The entire vessel shook in a kind of bone-cracking vibration, lurching and lumbering as if some malign influence had tampered with every rivet and seam-weld in her plates.

More apprehensive than ever, Dollard finally yielded to his fears and surrendered his controls to the robot pilot. His huge body rendered almost weightless, he pulled himself along the rail guards of a catwalk that led to the unmanned engine room. Here he inspected every instrument dial to be found although the readings on many of them were repeated on duplicates in the bow.

It was then, while the ship was still a thousand miles from the no-pull point where free-wheeling alone had been known to carry vessels out of Terra's gravitational range and into Venus' orbit, that disaster struck. The fuel being fed to exactly half of the rocket tubes choked out, and the blast from the remaining tubes increased proportionately.

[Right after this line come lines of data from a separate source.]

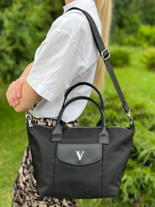 Размер сумки 36 (верх), 23 (низ)*24*14(Длина*Высота*Глубина). Сумка одно общее отделение. Внутри врезной карманчик на молнии и два открытых накладных карманчика. Впереди функциональный карманчик. Сзади врезной карманчик на молнии. Закрывается аксессуар на молнию. Фурнитура серебряного цвета. В комплекте длинный регулируемый ремешок. Сумка фабричного производства, изготовлены из плотной плащевки и эко-кожи.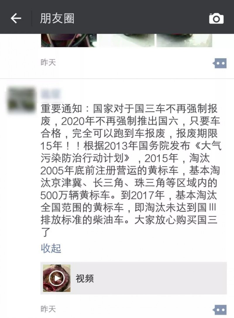 今天小編收到卡友發來的消息:國家對于國三不再強制報廢!2020年不再強制推出國六!卡友將他朋友圈掛靠公司發的很新國三消息發送給了小編!如下圖↓↓↓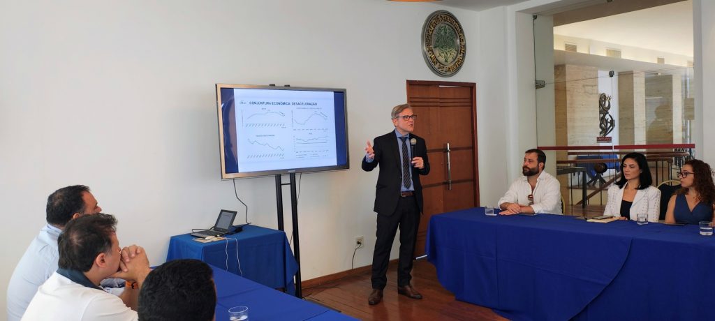 Fábio Bentes fez uma apresentação onde traçou um panorama da conjuntura econômica nacional e do Rio de Janeiro, destacando diversos aspectos da economia, como inflação, juros e mercado de trabalho, que em sua avaliação está em recuperação moderada.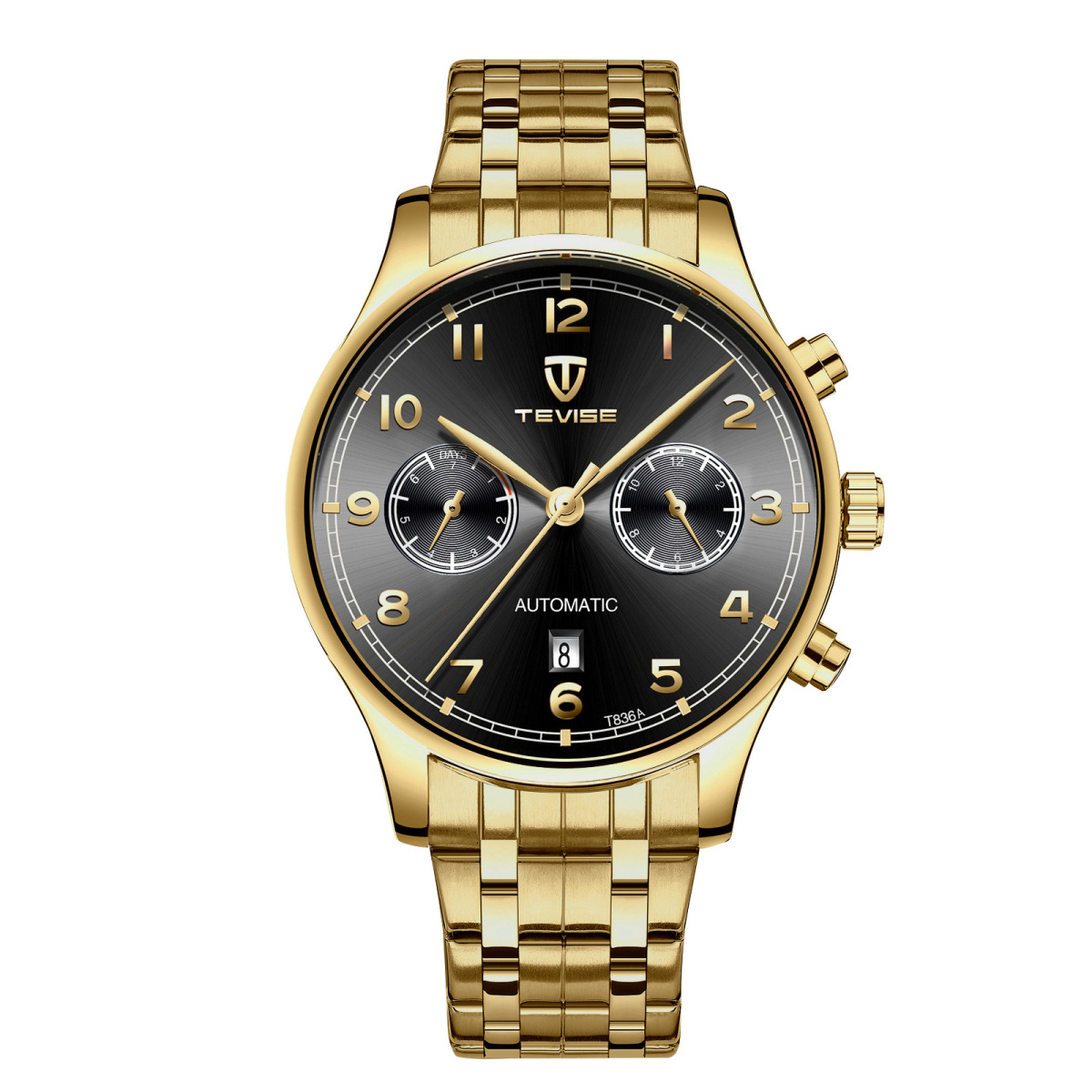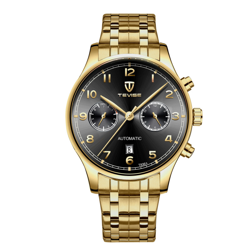 Color: T836A-rose black leather, T836A-white leather, T836A-all gold and black leather, T836A-all gold and black steel belt, T836A-blue leather

Under this new impetus, the vessel's frame shuddered. Its nose suddenly described a wild arc among the gyrating stars. The diversion of inertia was a more severe blow than a meteor collision would have been. Thrust was an exceedingly difficult thing to plot in free space. Dollard, screaming in panic, was flung against a network of metal braces; despite his weightlessness, his mass was great as ever and a sharp steel corner gouged a deep bleeding slash in his puffy cheek. Sickened, he crawled forward through the spinning ship until he was once more able to pull himself up into the pilot's chair.

There, he discovered the second battery of tubes had ceased firing about a minute after the first. But the changed vectors had already done their damage to both ship and heading.


quick run-through on the course-calculator soon revealed to Dollard how desperate his position was. Mathematically, Venus was now a goal impossible to attain. To re-correct his altered heading would require more fuel than his tanks had carried at take-off, thanks to sabotage. He also had the vast gravitational field of the sun to battle—a powerful sucking force, which if left to work its will could grow insidiously from a gentle tug of a few millimeters per second to a powerful acceleration eighty times terrestrial escape velocity—and this, without ever once relinquishing its hold on the slightest particle of mass in its grip.

Cursing and fuming, Dollard plotted and re-plotted, some of the rustiness of his brain wearing off as he matched his wits against the prospect of death by holocaust. But, all the resources of higher mathematics failed to point toward a solution. An artery commenced to throb painfully above his ear.